- WORK INSTRUCTION
Using the data below, print exactly the line with "ビオトープとは・・・午前中の", the line with "De acuerdo con", and every line between them, but none of the pictures.

======== GIVEN DATA

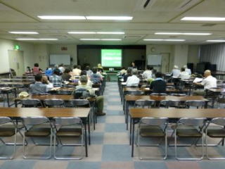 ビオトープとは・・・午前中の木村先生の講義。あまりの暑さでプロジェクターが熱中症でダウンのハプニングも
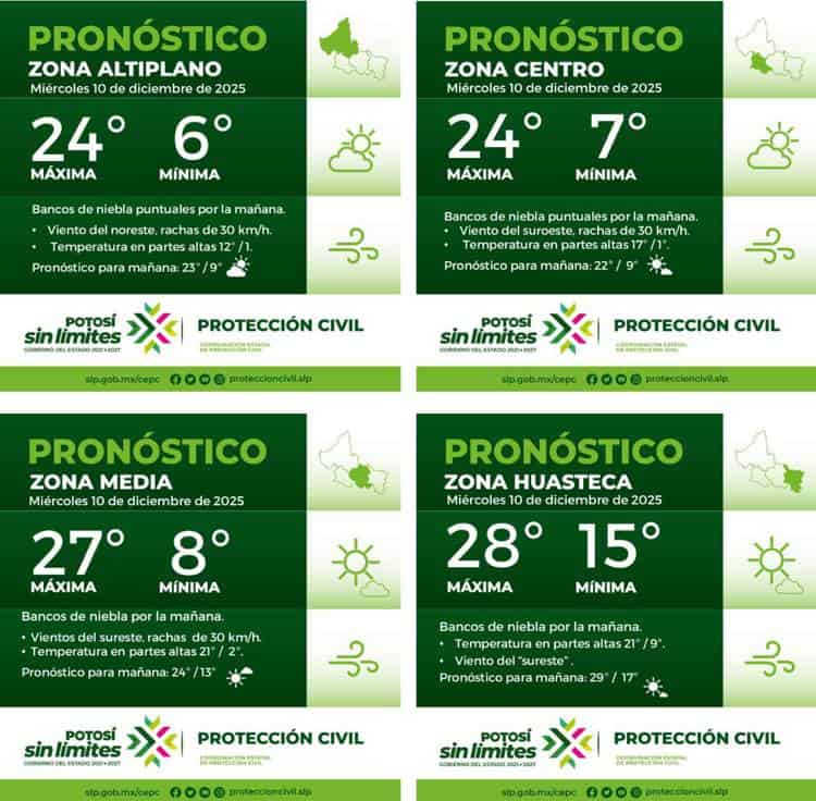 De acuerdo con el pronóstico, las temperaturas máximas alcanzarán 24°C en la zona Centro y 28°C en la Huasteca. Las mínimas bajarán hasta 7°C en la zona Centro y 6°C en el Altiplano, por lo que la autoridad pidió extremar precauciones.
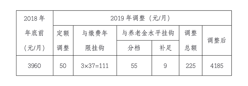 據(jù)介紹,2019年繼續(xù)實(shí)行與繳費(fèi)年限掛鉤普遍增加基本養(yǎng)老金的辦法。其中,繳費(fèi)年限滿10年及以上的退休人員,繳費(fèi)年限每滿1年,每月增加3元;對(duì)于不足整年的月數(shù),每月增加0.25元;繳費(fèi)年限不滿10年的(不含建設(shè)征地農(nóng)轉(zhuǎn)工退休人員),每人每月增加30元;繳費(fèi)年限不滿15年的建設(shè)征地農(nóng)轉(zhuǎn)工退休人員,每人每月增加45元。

================
======== GIVEN DATA

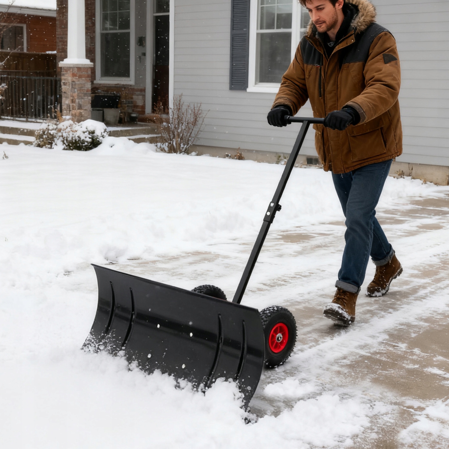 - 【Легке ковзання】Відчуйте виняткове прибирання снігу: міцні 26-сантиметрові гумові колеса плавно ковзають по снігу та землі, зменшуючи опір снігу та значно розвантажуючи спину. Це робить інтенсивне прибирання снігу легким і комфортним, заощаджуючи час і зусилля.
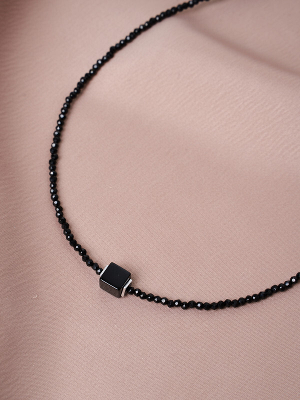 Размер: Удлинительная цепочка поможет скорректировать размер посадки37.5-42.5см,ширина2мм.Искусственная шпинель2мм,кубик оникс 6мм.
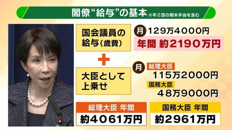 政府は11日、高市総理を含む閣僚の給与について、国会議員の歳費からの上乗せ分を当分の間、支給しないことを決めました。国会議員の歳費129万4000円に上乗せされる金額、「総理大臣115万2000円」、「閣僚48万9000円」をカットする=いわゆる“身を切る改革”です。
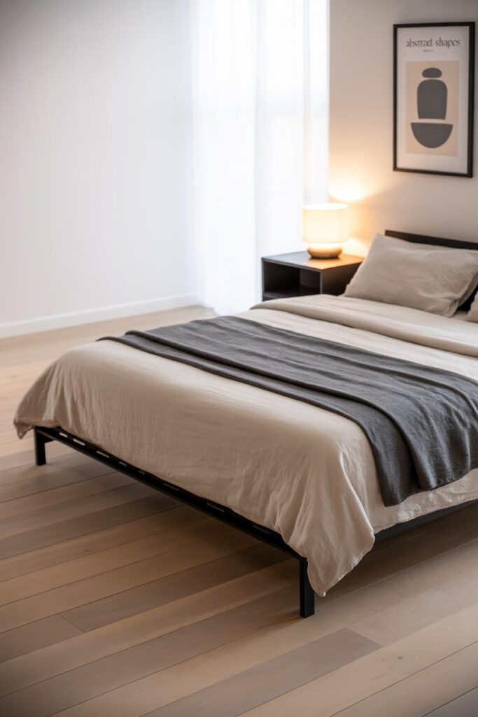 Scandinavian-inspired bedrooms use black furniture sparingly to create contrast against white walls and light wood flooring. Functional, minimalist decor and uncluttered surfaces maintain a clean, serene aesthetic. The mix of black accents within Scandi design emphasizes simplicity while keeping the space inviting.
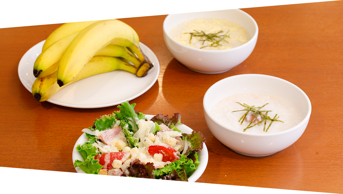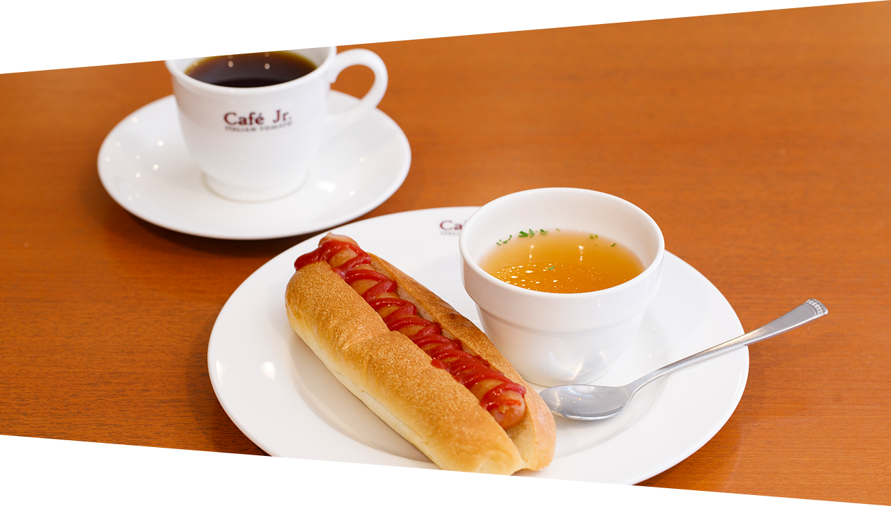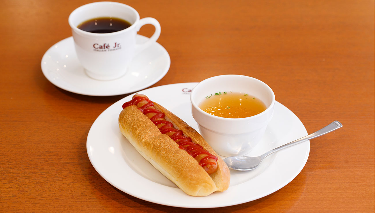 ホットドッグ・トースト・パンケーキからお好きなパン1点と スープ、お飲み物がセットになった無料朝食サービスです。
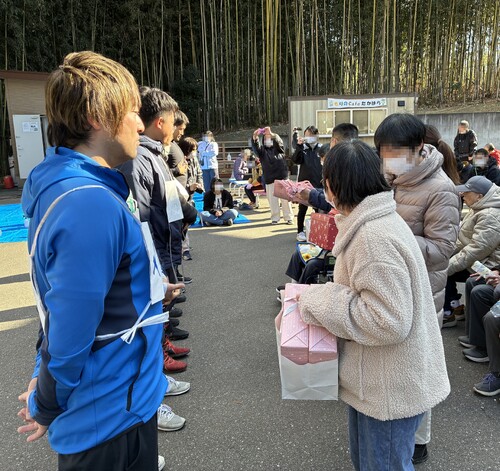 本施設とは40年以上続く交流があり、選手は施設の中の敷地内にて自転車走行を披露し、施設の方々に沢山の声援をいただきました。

================

- RESULT
 ビオトープとは・・・午前中の木村先生の講義。あまりの暑さでプロジェクターが熱中症でダウンのハプニングも
 De acuerdo con el pronóstico, las temperaturas máximas alcanzarán 24°C en la zona Centro y 28°C en la Huasteca. Las mínimas bajarán hasta 7°C en la zona Centro y 6°C en el Altiplano, por lo que la autoridad pidió extremar precauciones.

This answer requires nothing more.